Blog 117: OpenRC INVALID_OPCODE — signal delivery fix and crash investigation

Date: 2026-03-24 Milestone: M10 Alpine Linux

Summary

Fixed the kernel's user fault signal delivery (all exceptions sent SIGSEGV; now correctly sends SIGILL, SIGFPE, etc.) and investigated a deterministic INVALID_OPCODE crash in OpenRC's "Caching service dependencies" phase. The crash is caused by the CPU executing from the middle of a valid mov instruction in musl's timezone code — a 2-byte RIP misalignment that points to a signal return or page fault return bug.

Also fixed: UDP getsockname (c-ares DNS), certificate verification tests targeting google.com (Alpine CA bundle coverage), and the test-openssl Makefile target timeout.

Bug Fix: User fault signal types

All user-mode CPU exceptions were unconditionally mapped to SIGSEGV and killed the process immediately via exit_by_signal().
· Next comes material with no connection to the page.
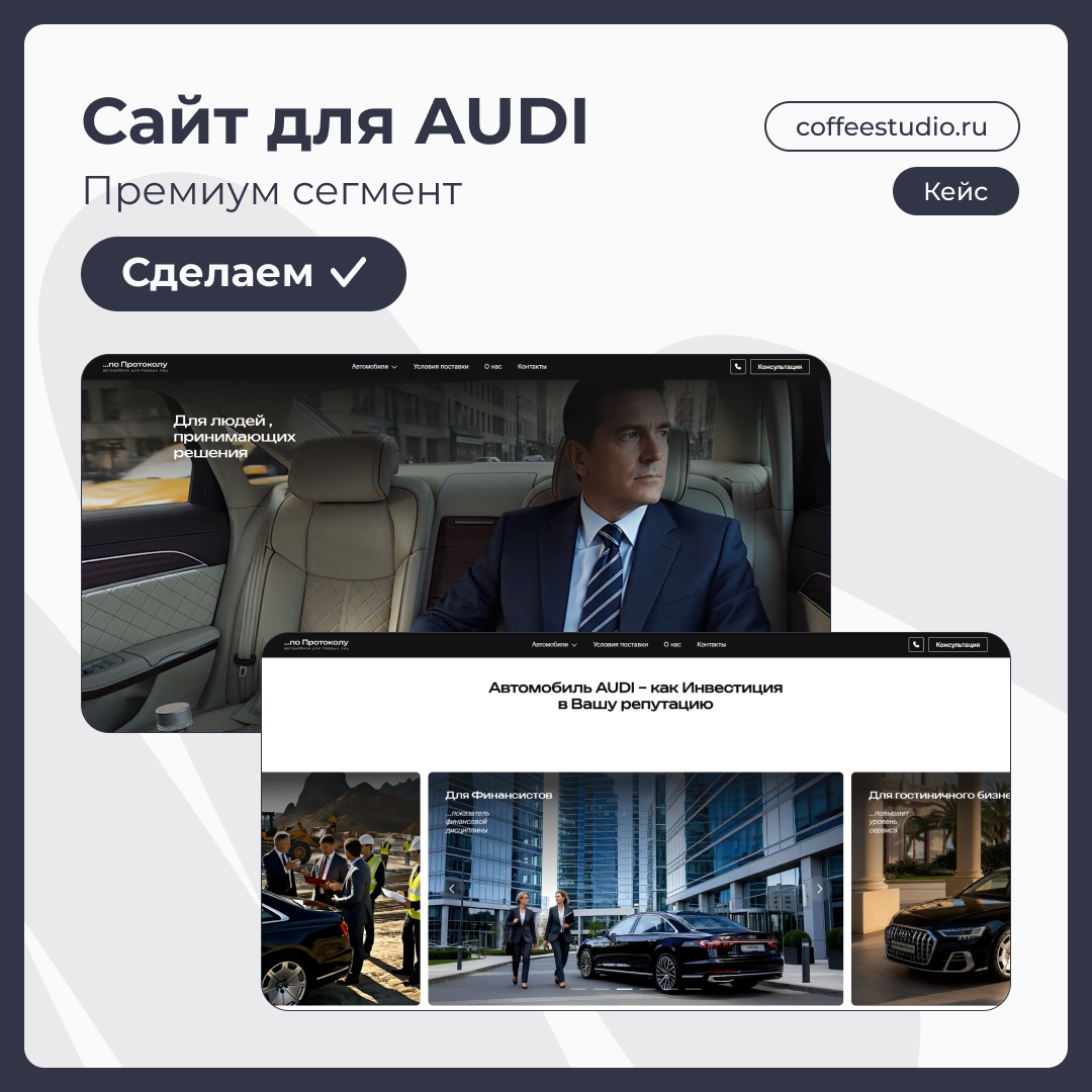 Клиент Клиент, специализирующийся на поставках представительских седанов Audi корпоративным клиентам, обратился к нам с задачей по разработке сайта. Задача Для запуска рекламной компании команде CoffeeStudio необходимо было за месяц создать посадочный сайт с большим количеством интерактивных анимаций для продажи монобрендовых представительских автомобилей. Контекст Клиент развивает новое направление бизнеса по легальным поставкам в Россию представительских седанов Audi стоимостью выше 20 млн рублей: модели Audi A8L Flagship и особая удлиненная версия Audi A8 XL Horch. Это не массмаркет, каждый товар — штучный. Поэтому требовалось сделать не просто интернет-витрину, а прежде всего коммуникационный сайт, который будет ориентирован на определенную узкую когорту представителей крупного бизнеса, которые ценят проверенное годами качество элитных немецких авто. Особое внимание клиент уделял позиционированию бренда, эмоциональному вовлечению посетителей, поэтому самостоятельно подготовил пере

This meant:

  • Programs couldn't install SIGILL handlers (e.g., for CPU feature probing)
  • SIGFPE handlers for divide-by-zero never fired
  • The signal number in waitpid status was wrong (11 instead of 4/8)

Fix (kernel/main.rs): Map exception vectors to POSIX signals:

ExceptionSignal
INVALID_OPCODESIGILL (4)
DIVIDE_ERRORSIGFPE (8)
X87_FPU, SIMD_FLOATING_POINTSIGFPE (8)
GPF, stack/segment faultsSIGSEGV (11)

Changed exit_by_signal(SIGSEGV) to send_signal(correct_signal) — the signal is now delivered through the normal path, allowing user handlers to catch faults. If no handler is installed (SIG_DFL = terminate), the process dies on interrupt return via x64_check_signal_on_irq_return.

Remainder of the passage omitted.